● **TASK REQUIREMENTS**: Your answer must be only the lines below from the one containing "5278 - خ: مُحَمَّد" through the one containing "We offer Print", copied exactly, with the pictures left out.

● **DATA IN THIS EXERCISE**:
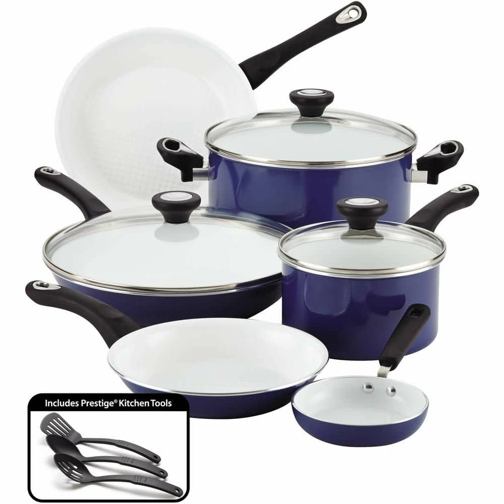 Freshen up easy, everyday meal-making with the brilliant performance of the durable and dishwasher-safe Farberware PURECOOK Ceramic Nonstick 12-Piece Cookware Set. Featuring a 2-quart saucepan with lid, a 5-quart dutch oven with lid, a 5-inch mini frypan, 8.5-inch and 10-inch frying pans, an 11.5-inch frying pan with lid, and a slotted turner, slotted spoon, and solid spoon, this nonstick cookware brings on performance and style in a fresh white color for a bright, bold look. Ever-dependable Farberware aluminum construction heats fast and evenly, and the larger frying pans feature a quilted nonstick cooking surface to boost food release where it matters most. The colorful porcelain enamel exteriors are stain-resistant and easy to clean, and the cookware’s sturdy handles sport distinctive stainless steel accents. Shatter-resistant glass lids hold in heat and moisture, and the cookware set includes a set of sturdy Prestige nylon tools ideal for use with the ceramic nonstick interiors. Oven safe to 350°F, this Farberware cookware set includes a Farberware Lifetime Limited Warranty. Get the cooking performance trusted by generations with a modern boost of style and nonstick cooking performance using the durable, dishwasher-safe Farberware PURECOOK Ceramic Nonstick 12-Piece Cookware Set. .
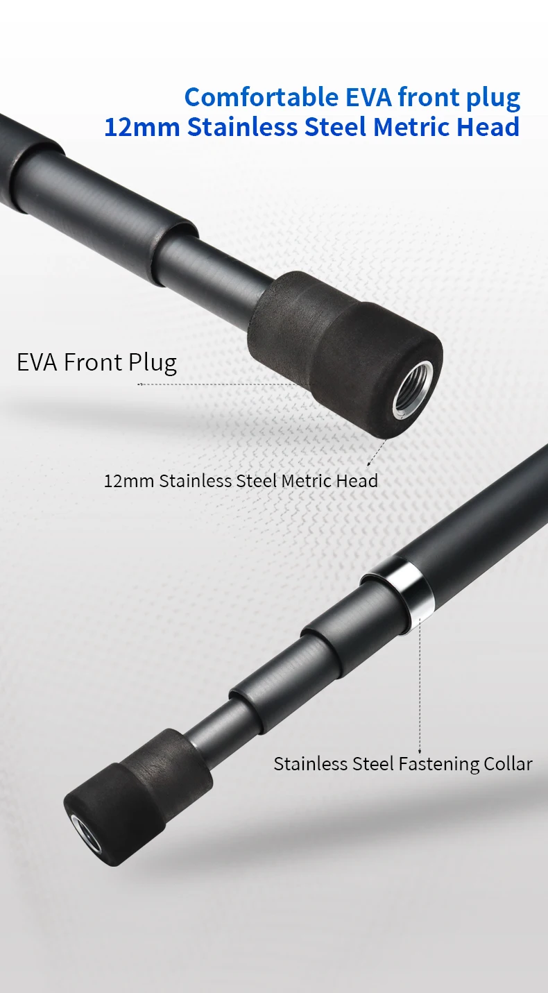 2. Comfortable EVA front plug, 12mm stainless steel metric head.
--
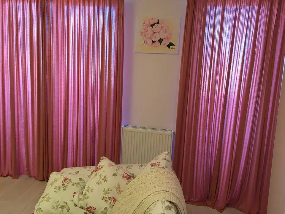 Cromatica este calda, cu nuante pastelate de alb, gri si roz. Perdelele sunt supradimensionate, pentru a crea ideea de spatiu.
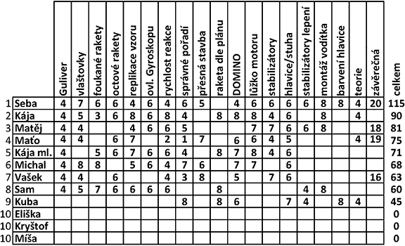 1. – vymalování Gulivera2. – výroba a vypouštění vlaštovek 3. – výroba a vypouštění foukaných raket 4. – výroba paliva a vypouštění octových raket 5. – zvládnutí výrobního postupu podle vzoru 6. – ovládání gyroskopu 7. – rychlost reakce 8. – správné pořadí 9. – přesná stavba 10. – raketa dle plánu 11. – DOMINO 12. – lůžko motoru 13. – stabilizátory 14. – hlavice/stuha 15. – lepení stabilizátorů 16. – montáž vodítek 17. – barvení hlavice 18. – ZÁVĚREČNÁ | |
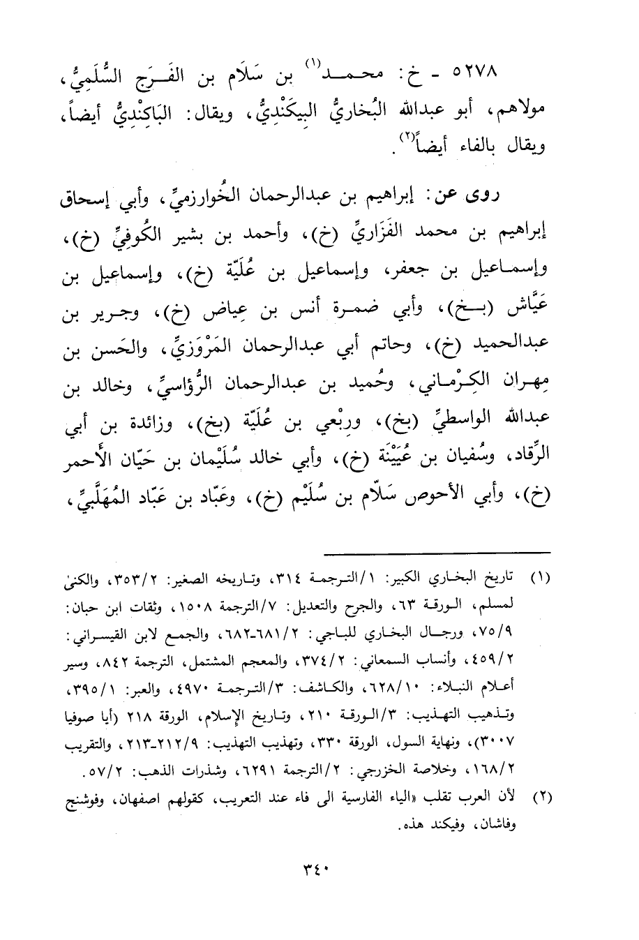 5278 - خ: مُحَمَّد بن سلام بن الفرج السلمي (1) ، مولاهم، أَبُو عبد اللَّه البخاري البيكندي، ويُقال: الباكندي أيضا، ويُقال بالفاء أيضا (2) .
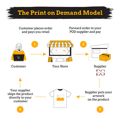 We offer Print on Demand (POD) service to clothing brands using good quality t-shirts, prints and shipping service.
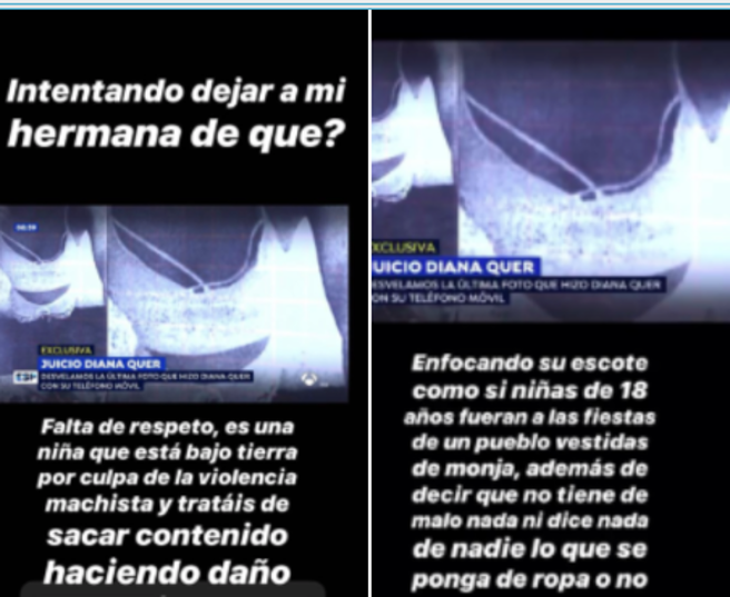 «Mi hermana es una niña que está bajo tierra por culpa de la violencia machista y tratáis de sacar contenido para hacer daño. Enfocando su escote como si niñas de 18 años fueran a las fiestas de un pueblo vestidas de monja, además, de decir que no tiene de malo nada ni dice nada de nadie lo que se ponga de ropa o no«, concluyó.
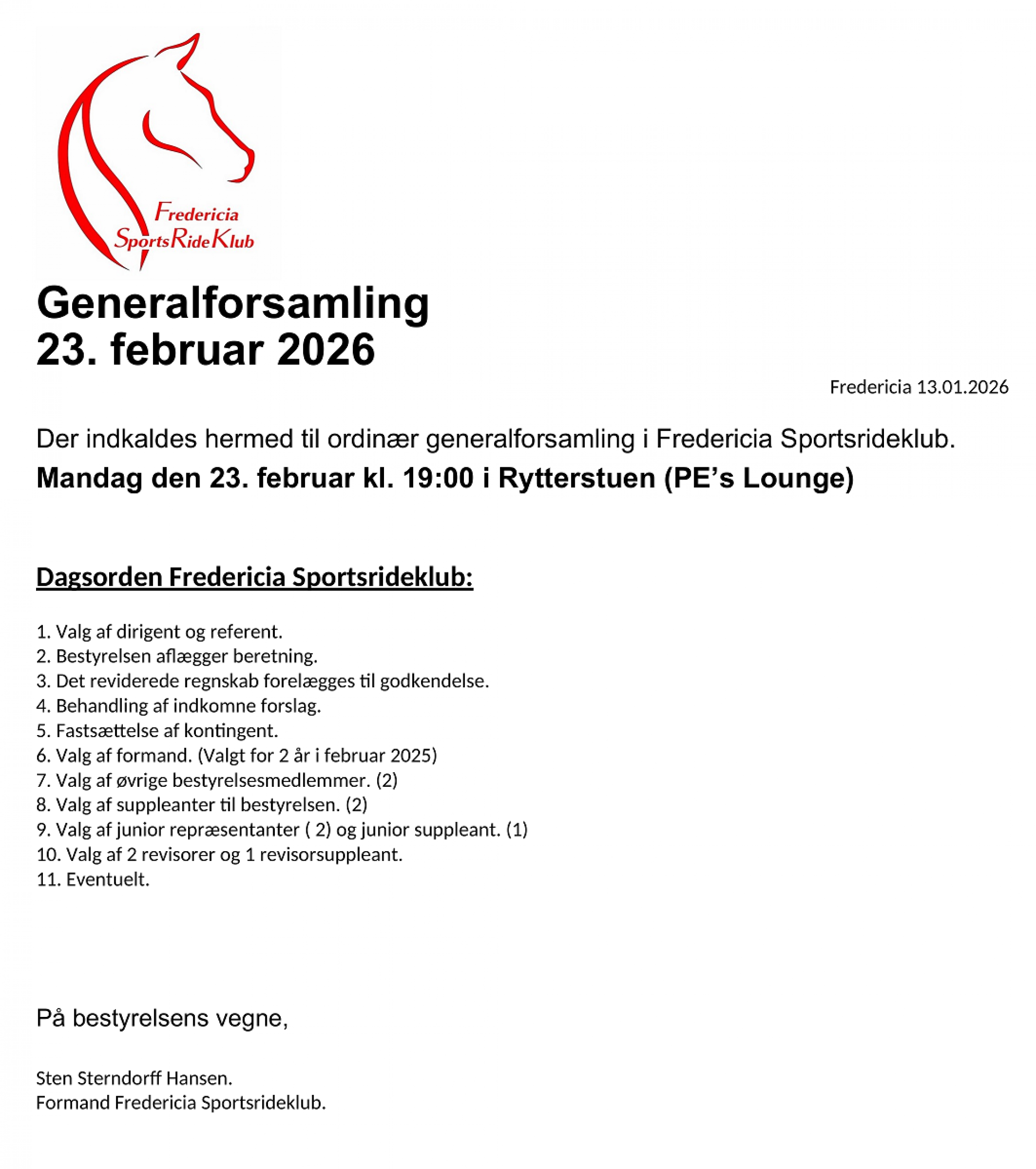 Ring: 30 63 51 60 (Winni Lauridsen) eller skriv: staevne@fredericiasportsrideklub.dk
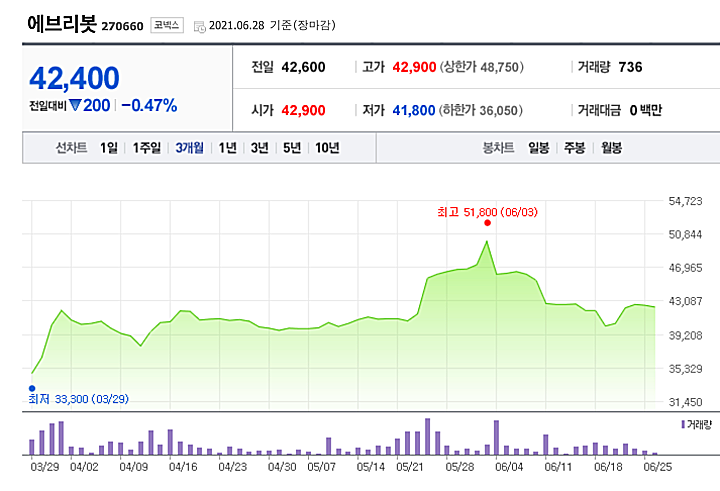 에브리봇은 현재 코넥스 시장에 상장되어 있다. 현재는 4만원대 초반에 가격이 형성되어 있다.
---
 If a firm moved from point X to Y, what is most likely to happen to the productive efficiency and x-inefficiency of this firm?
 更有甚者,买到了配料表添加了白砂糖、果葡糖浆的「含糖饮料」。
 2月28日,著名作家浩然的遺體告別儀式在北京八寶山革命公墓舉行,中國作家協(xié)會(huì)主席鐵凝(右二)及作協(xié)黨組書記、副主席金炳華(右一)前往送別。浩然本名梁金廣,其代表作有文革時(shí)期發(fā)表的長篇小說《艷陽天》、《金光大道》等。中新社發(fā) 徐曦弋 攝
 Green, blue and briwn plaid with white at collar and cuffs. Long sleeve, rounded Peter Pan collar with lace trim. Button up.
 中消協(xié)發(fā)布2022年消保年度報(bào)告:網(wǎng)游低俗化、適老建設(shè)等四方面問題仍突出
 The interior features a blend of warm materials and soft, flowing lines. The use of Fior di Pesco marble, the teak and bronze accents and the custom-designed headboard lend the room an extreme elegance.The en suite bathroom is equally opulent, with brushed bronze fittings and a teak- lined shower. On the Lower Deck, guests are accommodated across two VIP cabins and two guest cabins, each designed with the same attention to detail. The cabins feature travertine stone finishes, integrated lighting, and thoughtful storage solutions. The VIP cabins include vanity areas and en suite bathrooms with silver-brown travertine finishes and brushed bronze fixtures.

● **REPLY TO THE TASK**:
 5278 - خ: مُحَمَّد بن سلام بن الفرج السلمي (1) ، مولاهم، أَبُو عبد اللَّه البخاري البيكندي، ويُقال: الباكندي أيضا، ويُقال بالفاء أيضا (2) .
 We offer Print on Demand (POD) service to clothing brands using good quality t-shirts, prints and shipping service.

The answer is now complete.